By Dhara Ranasinghe
LONDON, July 27 (Reuters) - Germany's benchmark 10-year bond yield dipped on Monday in a sign that unease in world markets over rising U.S./China tensions was driving investors into safe-haven assets.
China took over the premises of the U.S. consulate in the southwestern city of Chengdu on Monday, after ordering the facility to be vacated in retaliation for China's ouster last week from its consulate in Houston, Texas.
The worsening relations between the world's two biggest economies boosted safe havens such as gold and government bonds, allowing German debt to recover from price losses on Friday sparked by stronger-than-expected purchasing managers' (PMI) data.
Germany's 10-year bond yield was last down about 1.5 basis points at -0.456% DE10YT=RR, having risen 4 bps on Friday.

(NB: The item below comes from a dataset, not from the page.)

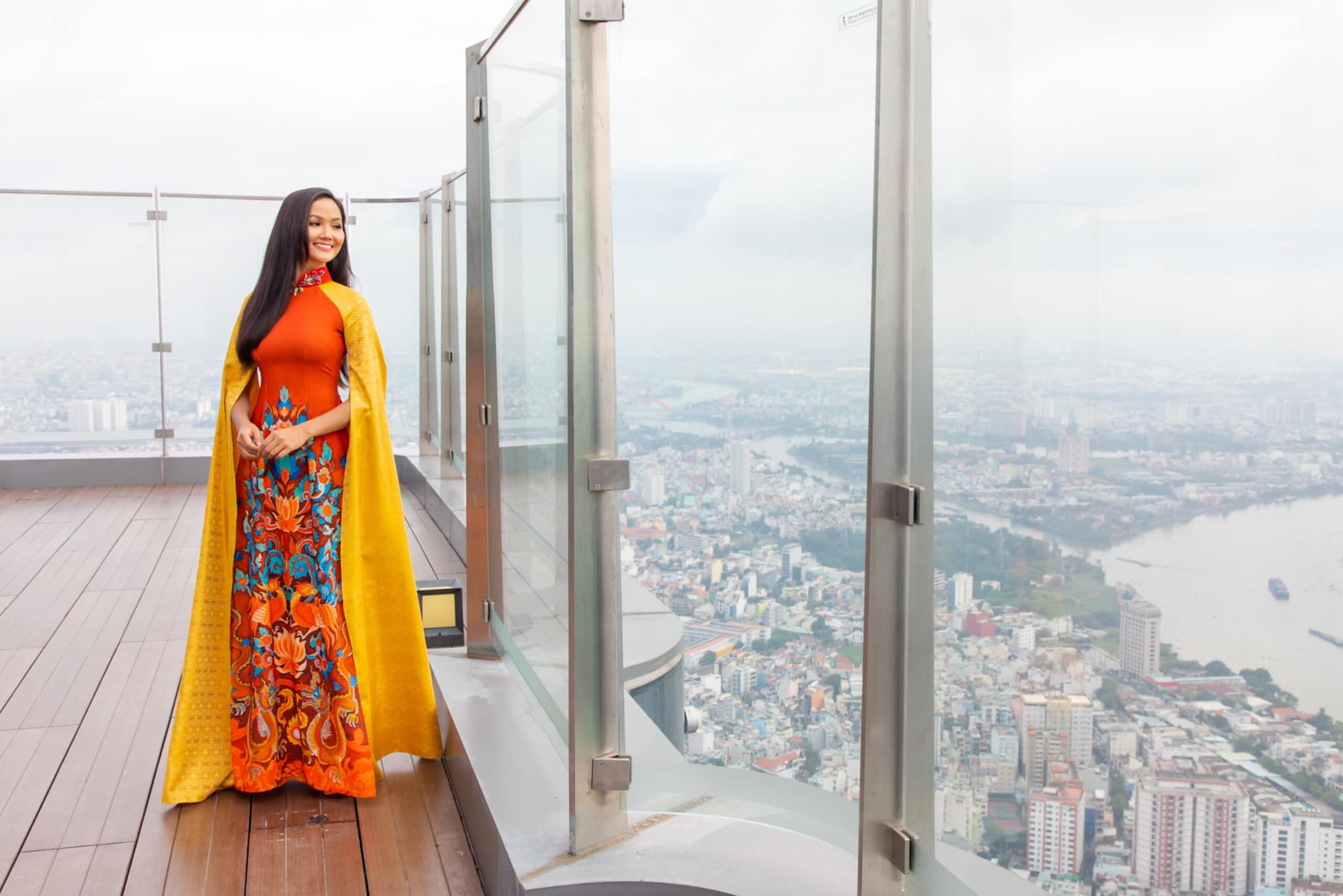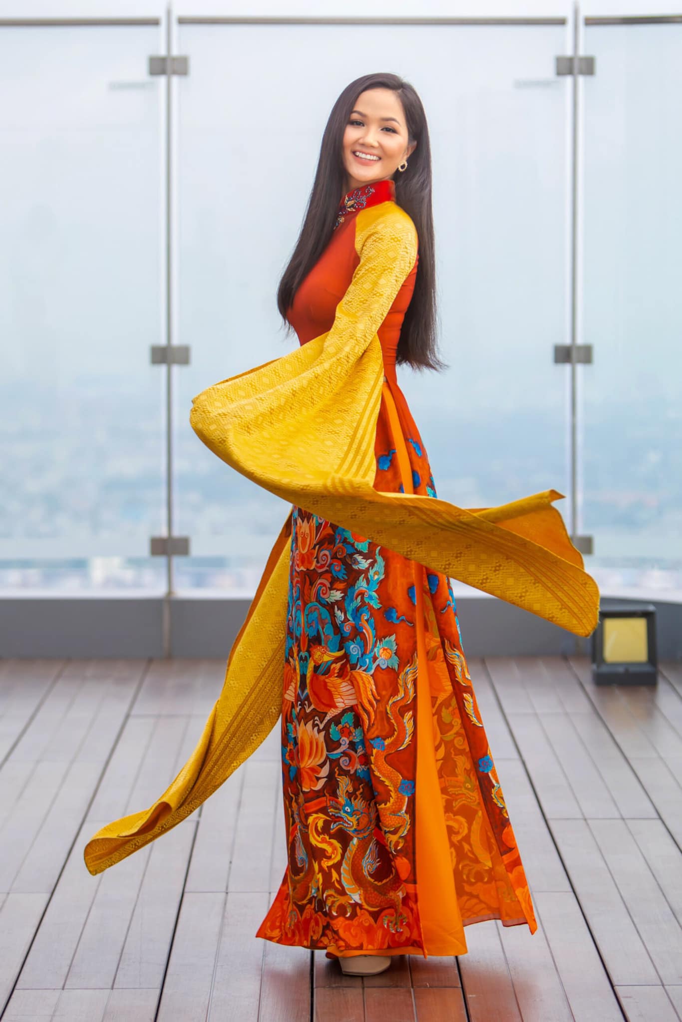 Hoa hậu Hoàn vũ Việt Nam 2017 – H’Hen Niê diện lại áo dài cũ từng mặc trong sự kiện giao lưu văn hóa ẩm thực tại Thái Lan.

"Risk assets are struggling ... while for Bunds the textbook reaction to the PMIs combined with another failed test of the -0.50% level leaves 10-year yields in the middle of the range," said Commerzbank rates strategist Michael Leister.

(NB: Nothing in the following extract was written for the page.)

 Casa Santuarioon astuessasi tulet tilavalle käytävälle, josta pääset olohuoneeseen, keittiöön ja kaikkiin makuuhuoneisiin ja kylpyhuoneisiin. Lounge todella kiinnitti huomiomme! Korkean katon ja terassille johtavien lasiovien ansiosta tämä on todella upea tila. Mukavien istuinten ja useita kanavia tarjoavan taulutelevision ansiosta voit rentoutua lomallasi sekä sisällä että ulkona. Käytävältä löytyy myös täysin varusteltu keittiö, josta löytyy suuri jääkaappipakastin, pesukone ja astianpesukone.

Italian bond yields were a touch lower, with sentiment towards the periphery supported by growing confidence that aggressive fiscal and monetary stimulus in the euro area will help cushion its economy from the coronavirus hit.
Italy's 10-year bond yield dipped to 1.06% IT10YT=RR, holding close to a 4-1/2 month low hit last week. The gap over benchmark 10-year German Bund yields briefly narrowed to around 148 bps DE10IT10=RR, its tightest in five months.
European Union leaders last week reached a deal on a 750 billion euro ($878 billion) COVID-19 recovery fund, agreeing to raise billions of euros on capital markets on behalf of all its 27 states, in an act of unprecedented solidarity.
"We think it (the Italian/German bond yield spread) could tighten another 15-20 bps from here, the number matters less than the direction," said Jorge Garayo, senior rates strategist at Societe Generale.
"The recovery fund is significant because it marks a very important step towards something that was previously taboo - fiscal transfers."